What hull? The trophy? I've physically looked at about 40 boats in the last 6 months, and it took me about 8 of them before I started focusing on pretty much exclusively Bayliner Trophies and Sea Ray Amberjacks. I can't afford a Grady or a Tiara/Pursuit, and I found that for the money the Trophy really is a good boat. As a company Bayliner has a bit of a bad rep. One that's in many ways deserved. They built a lot of sub-par boats in the 80's and 90's. Bayliner specialized in being an entry-level boat with a great price point. To do that they had to shave corners in some areas. A lot of their boats suffer from the problems you'd expect on an entry level boat. Electrical wiring and fit-and-finish left something to be desired. What I found with Bayliner is that Trophy hulls are different than the Cierra and other Bayliner hulls. Bayliner knew their fishing hull would be subject to more abuse than their "floating motorhome" models, so they built the Trophies accordingly. What I'm looking for in a 10+ year old boat is hull integrity, and I've yet to see a Trophy that wasn't physically run into something with a bad hull. IMO everything else can be replaced. Rotted out stringers or transom and most boats aren't worth the cost of the repairs.

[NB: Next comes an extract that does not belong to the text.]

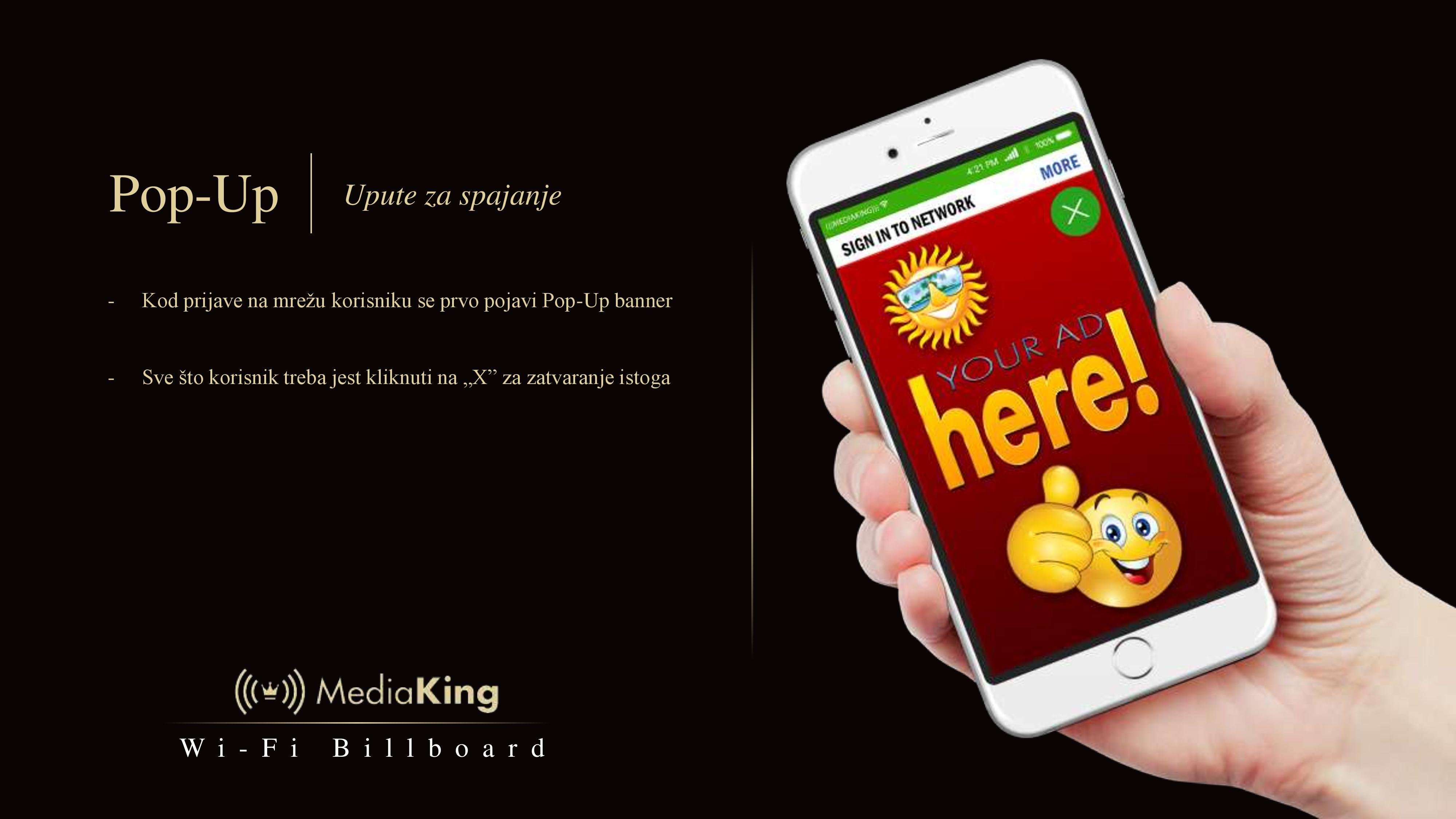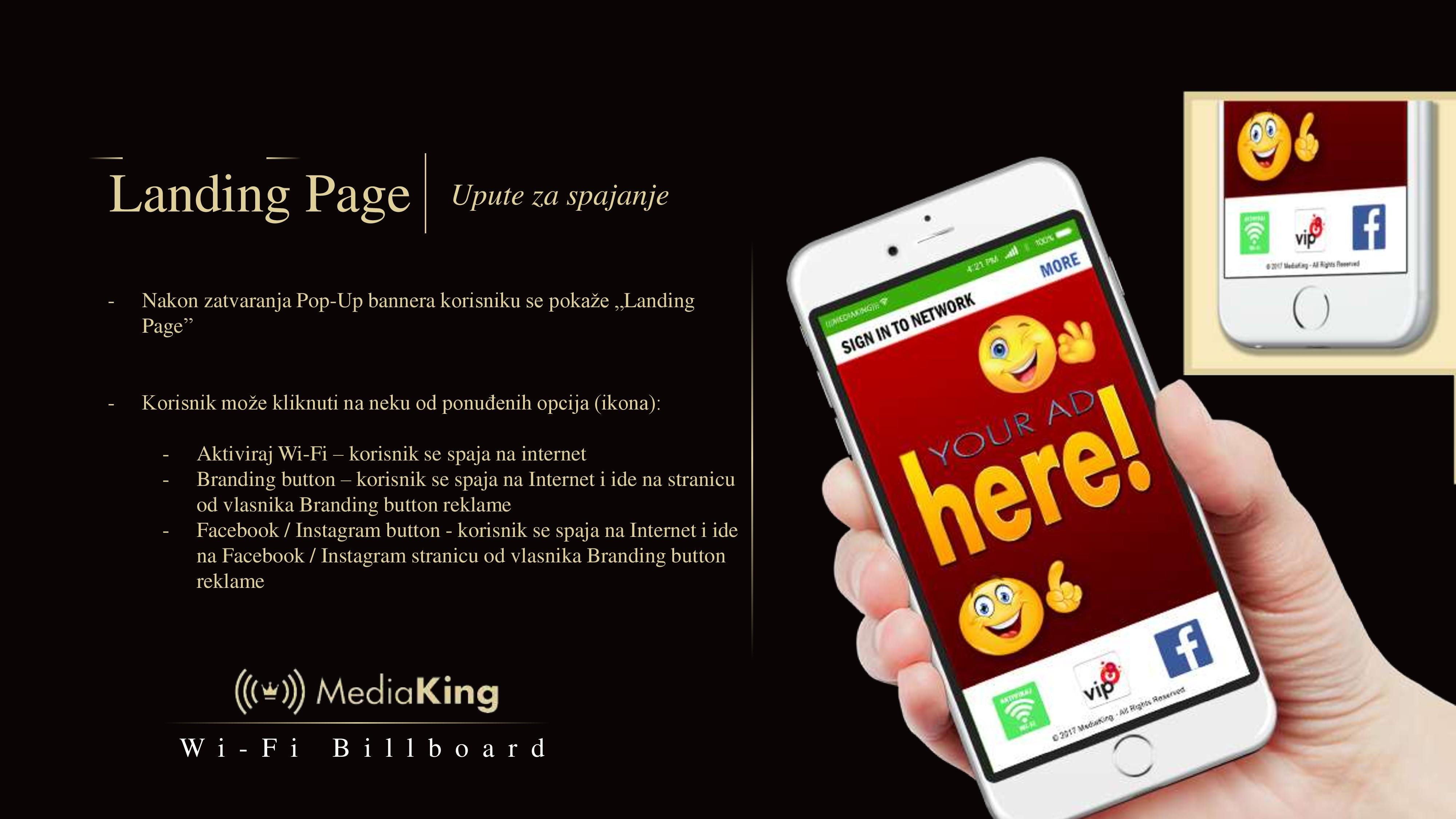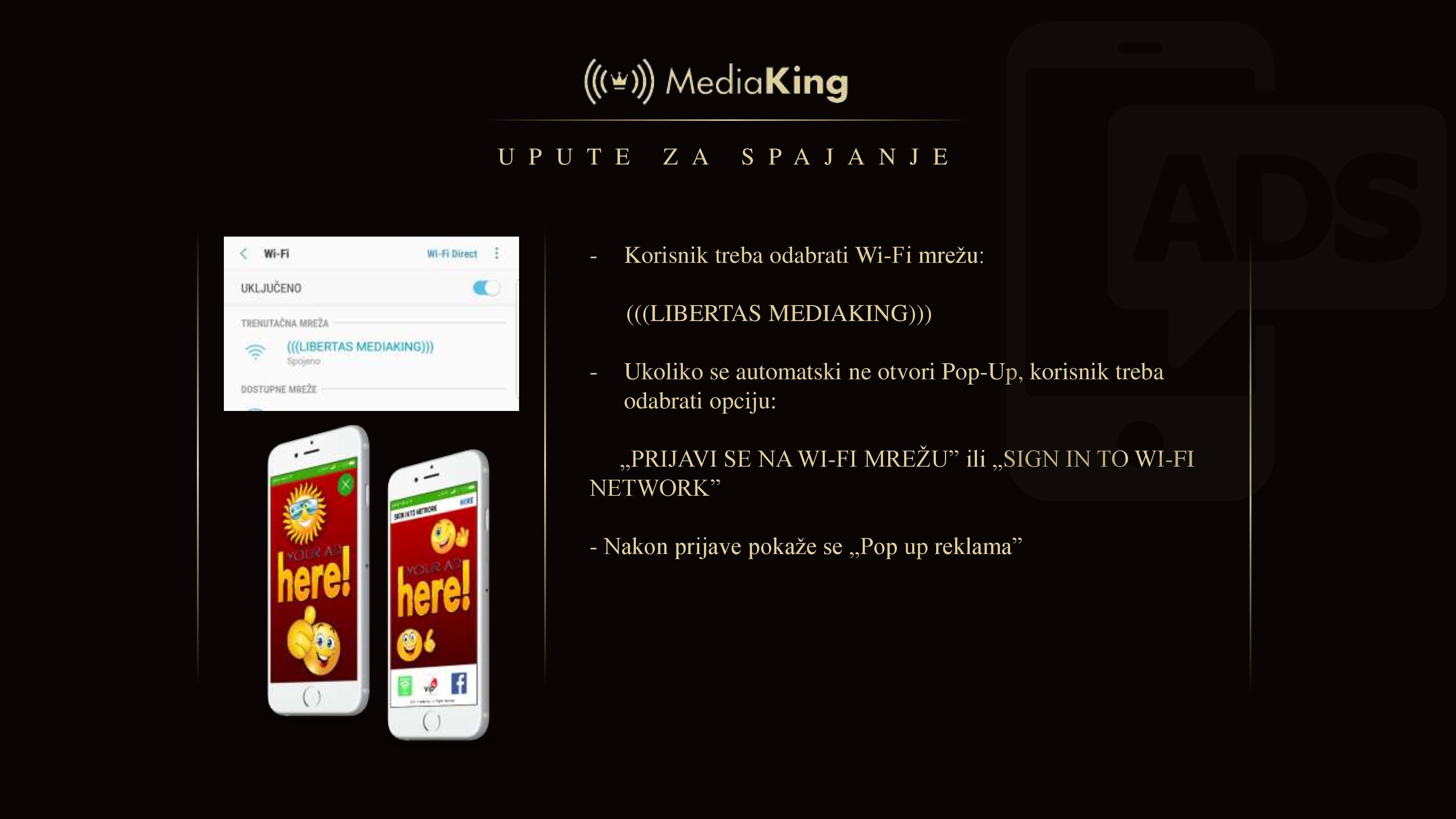 Sve što korisnici trebaju napraviti da bi koristili uslugu jest odabrati Wi-Fi mrežu „LIBERTAS MEDIAKING“ te pratiti jednostavne upute koje možete vidjeti u nastavku.

If you like the boat get a survey done. Salmonbum recommened a guy from the Detroit area to me, and I was very impressed with the job he did. The $200 I spent on the survey saved me $1500 in repairs on one boat I almost bought. I'll PM you his info if you want it.


----------



## Doghouse

Thanks Beave for the info.

You are right to take the extra steps as once you hand over the cash, it is your baby. In all fairness some of the boats I have looked at, even the owners were aware of the problem!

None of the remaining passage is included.